# Would this cage be too small for one rat??



## sublimity (Jul 14, 2009)

Im new to the whole rat thing and my children each would like a rat. So Im looking for a smallish cage suitable for them to have one in each of their bedrooms.

I found this hamster cage that is 21incx14inx13in and has the floor plus 2 platforms.
http://www.ozab.com.au/goods-1679.html

Would that be too small for one rat? I have a larger guinea pig cage that they can use when they are adult fully grown rats as the bar spacing on that is 1inch. But for now, while they are still babies would the above be too small?

Thanks for you advice


----------



## Corpseflower (Jun 12, 2009)

I don't know about the cage, but it'd probably be a good idea to get one larger cage for them to be in together. It's recommended that rats live in at least pairs because they are very social. Maybe the cage could rotate between their rooms?


----------



## Kimbo (Jul 9, 2009)

I say its rather fine for one rat, but it seems so... i dunno..flat and squished up, would be better if there was more open space. I too recommend getting ratties in pairs!


----------



## Dexy (Aug 11, 2008)

I use a small hamster cage as a baby cage - just to get them through the first few weeks until they're big enough to go into a large cage with bigger bar spacing - as long as it's only temporary I don't think size is too much of an issue. It can take months for them to get 'fully grown' though. I wouldn't recommend a cage that small for longer than about 4 - 6 weeks.

However, the rats will really not be happy living alone. Either, each of your children should have a pair of rats or, even better, just have one pair of rats living in a cage which is out in a communal area of the house so that the little ones get lots of attention and stimulation during the day.


----------



## Stace87 (Jun 24, 2008)

As already mentioned above, it would be best get them both 2 same sex rats (if this was done perhaps 4 of the same sex would be safest with kids - I don't know how young they are) or get 2 rats and house them in a different room to their bedrooms or keep moving the rats between their bedrooms.

Rats shouldn't really be kept alone out of human choice - they're very sociable and should be kept in a minimum of pairs. I currently have 3 boys together.

The cage isn't suitable. Generally any cage advertised also being fine for hamsters/gerbils/mice is a no-go. You're best off getting a suitable cage straight away for the rats, as babies grow very quickly and have a lot of energy to burn off!
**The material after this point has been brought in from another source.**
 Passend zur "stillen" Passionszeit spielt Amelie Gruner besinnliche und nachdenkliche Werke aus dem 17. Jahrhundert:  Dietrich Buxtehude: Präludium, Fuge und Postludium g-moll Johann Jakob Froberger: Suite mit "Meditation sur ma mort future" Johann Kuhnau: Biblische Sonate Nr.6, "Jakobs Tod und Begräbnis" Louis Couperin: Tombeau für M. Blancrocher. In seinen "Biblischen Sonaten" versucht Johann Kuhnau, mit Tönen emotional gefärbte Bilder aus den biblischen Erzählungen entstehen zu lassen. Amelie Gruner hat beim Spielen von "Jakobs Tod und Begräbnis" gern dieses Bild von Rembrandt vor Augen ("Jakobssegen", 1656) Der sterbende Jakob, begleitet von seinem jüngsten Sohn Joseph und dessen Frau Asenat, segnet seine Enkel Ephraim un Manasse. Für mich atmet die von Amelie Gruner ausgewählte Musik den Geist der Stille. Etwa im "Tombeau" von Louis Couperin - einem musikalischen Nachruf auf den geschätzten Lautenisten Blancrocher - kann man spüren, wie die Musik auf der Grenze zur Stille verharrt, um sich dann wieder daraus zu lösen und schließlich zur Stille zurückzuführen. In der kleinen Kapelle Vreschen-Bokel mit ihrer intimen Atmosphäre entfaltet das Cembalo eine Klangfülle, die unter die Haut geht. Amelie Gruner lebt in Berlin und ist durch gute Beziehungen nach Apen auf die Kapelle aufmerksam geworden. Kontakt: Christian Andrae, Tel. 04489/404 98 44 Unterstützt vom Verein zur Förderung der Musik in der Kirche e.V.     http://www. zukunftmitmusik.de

The guinea pig cage is probably not of much use either - I imagine it doesn't have much height? Rats like to climb and a guinea pig cage is the kind of cage owners may move elderly rats to if they're having a hard time getting around. 

If it's a must that the pet needs to stay in each of the kids bedrooms and you don't want 4 rats, maybe get them a syrian hamster each? Syrian hamsters need to be kept alone. I would recommend rats over hamsters though, if it's feasible for you.


----------



## sublimity (Jul 14, 2009)

Thanks for all your advice and suggestions

This is the guinea pig cage I have,(http://www.worldforpets.com.au/products/product_detail.asp?ID=679) its quite large I think and seems as big as some of the rat cages, I would add some things to it though like hammocks and stuff. Im just worried the gaps are too far apart (1inch).
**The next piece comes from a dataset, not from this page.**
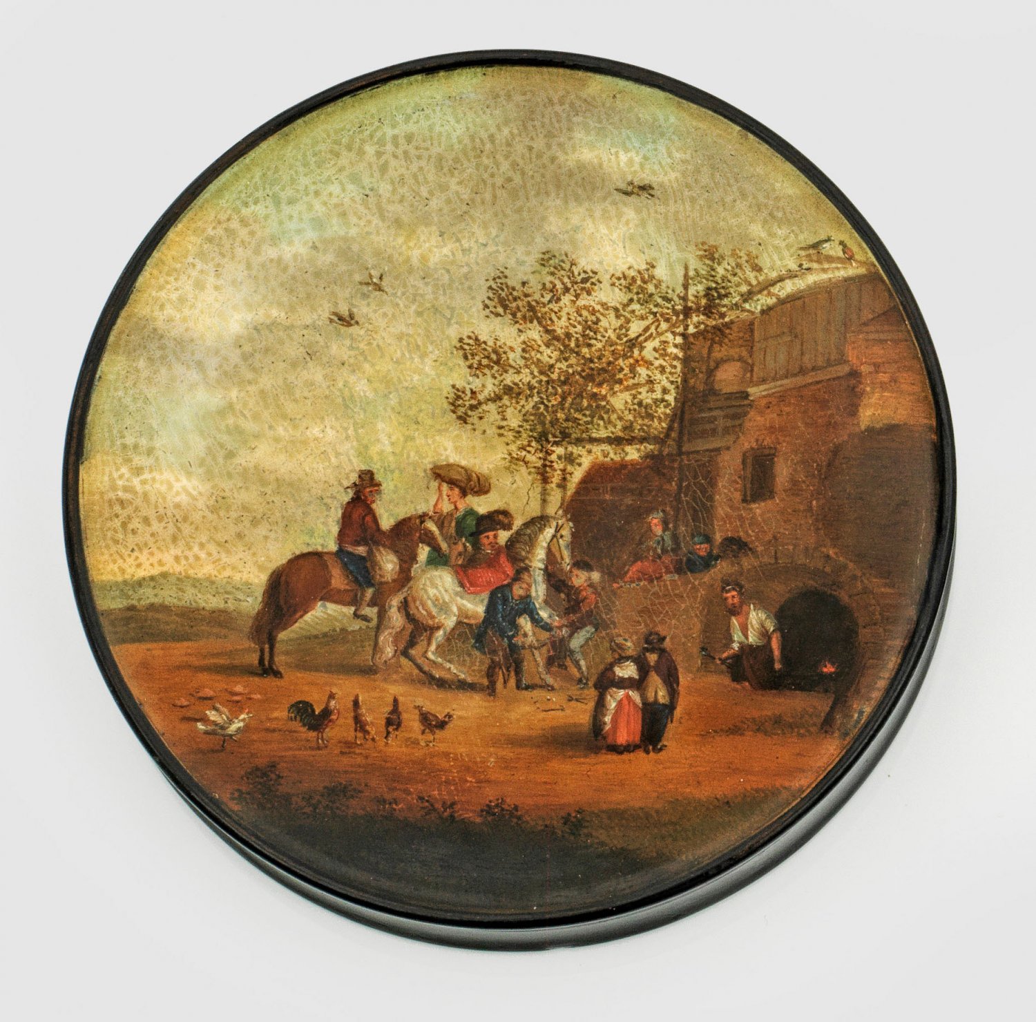nach Philipp Wouwermann (1619 - 1668) mit Figurenstaffage, zwei Pferden und Hühnern vor eine Hufschmiede. Im Hintergrund weite, baumbestandene Berglandschaft. Polychrome Lackmalerei. Innendeckel undeutlich betitelt, bez. "Wouwermann" und nummeriert 3580. Im Innenboden zweifache Herstellermarke sowie nummeriert in Hellrot. Minim. altersbedingte Gebrauchsspuren. H. 2,7 cm. D. 9,5 cm.

I dont think we actually get hamsters here in Australia at all. 

My 9.5 year old has wanted mice for years and when I told him about how I had read that rats are more sociable and would be more suitable to him (in terms of being able to hold) he really took to it. Hes a very quiet and reserved 9 year old. So ideally I wanted to get him something, I just worry that 2 rats would be too much for him. My 7 year old wants one as well but Im pretty sure its just because his brother wants one. 

The store does have this cage thats marketed for rats http://www.worldforpets.com.au/products/product_detail.asp?ID=676 but Im a little confused because I thought I read in quite a few places that wire platforms and wire bottoms werent good for rats feet?

If I got two for them to share, Im not too sure how the sharing would go. The only thing that I dont like about having the cage in a communal place is that I wanted to give my 9 year old some responsiblity in caring for his animal and making it especially "his" rather than a family pet. We do have a lot of family pets and I think it having his own special friend would be more beneficial.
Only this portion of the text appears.